Starting with the line that contains "I was fighting" and ending with the last line of the entries, repeat exactly those lines and nothing else, pictures excluded.

- [Information shown]
___
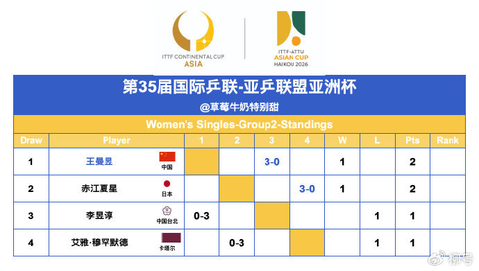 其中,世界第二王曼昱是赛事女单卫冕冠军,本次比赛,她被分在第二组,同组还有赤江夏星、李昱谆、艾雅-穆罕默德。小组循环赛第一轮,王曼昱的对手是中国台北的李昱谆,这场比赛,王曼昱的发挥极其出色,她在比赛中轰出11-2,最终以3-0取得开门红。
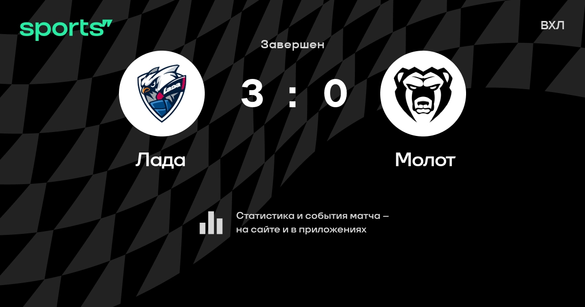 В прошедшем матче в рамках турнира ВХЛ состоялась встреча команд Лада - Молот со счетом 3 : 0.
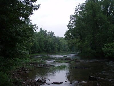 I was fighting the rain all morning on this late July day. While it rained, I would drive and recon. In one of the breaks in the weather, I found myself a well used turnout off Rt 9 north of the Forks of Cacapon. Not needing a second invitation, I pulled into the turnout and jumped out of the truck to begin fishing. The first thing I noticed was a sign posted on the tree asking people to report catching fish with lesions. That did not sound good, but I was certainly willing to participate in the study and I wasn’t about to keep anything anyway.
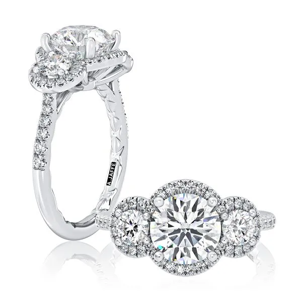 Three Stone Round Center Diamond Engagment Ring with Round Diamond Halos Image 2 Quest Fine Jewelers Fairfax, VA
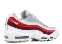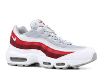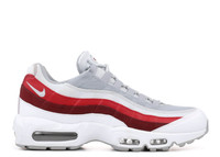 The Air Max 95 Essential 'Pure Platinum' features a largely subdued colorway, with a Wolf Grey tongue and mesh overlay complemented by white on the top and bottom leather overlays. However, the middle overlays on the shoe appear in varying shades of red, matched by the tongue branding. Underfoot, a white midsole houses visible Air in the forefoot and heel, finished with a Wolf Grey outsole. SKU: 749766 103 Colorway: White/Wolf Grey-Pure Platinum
___
- [Task output]
 I was fighting the rain all morning on this late July day. While it rained, I would drive and recon. In one of the breaks in the weather, I found myself a well used turnout off Rt 9 north of the Forks of Cacapon. Not needing a second invitation, I pulled into the turnout and jumped out of the truck to begin fishing. The first thing I noticed was a sign posted on the tree asking people to report catching fish with lesions. That did not sound good, but I was certainly willing to participate in the study and I wasn’t about to keep anything anyway.
 Three Stone Round Center Diamond Engagment Ring with Round Diamond Halos Image 2 Quest Fine Jewelers Fairfax, VA
 The Air Max 95 Essential 'Pure Platinum' features a largely subdued colorway, with a Wolf Grey tongue and mesh overlay complemented by white on the top and bottom leather overlays. However, the middle overlays on the shoe appear in varying shades of red, matched by the tongue branding. Underfoot, a white midsole houses visible Air in the forefoot and heel, finished with a Wolf Grey outsole. SKU: 749766 103 Colorway: White/Wolf Grey-Pure Platinum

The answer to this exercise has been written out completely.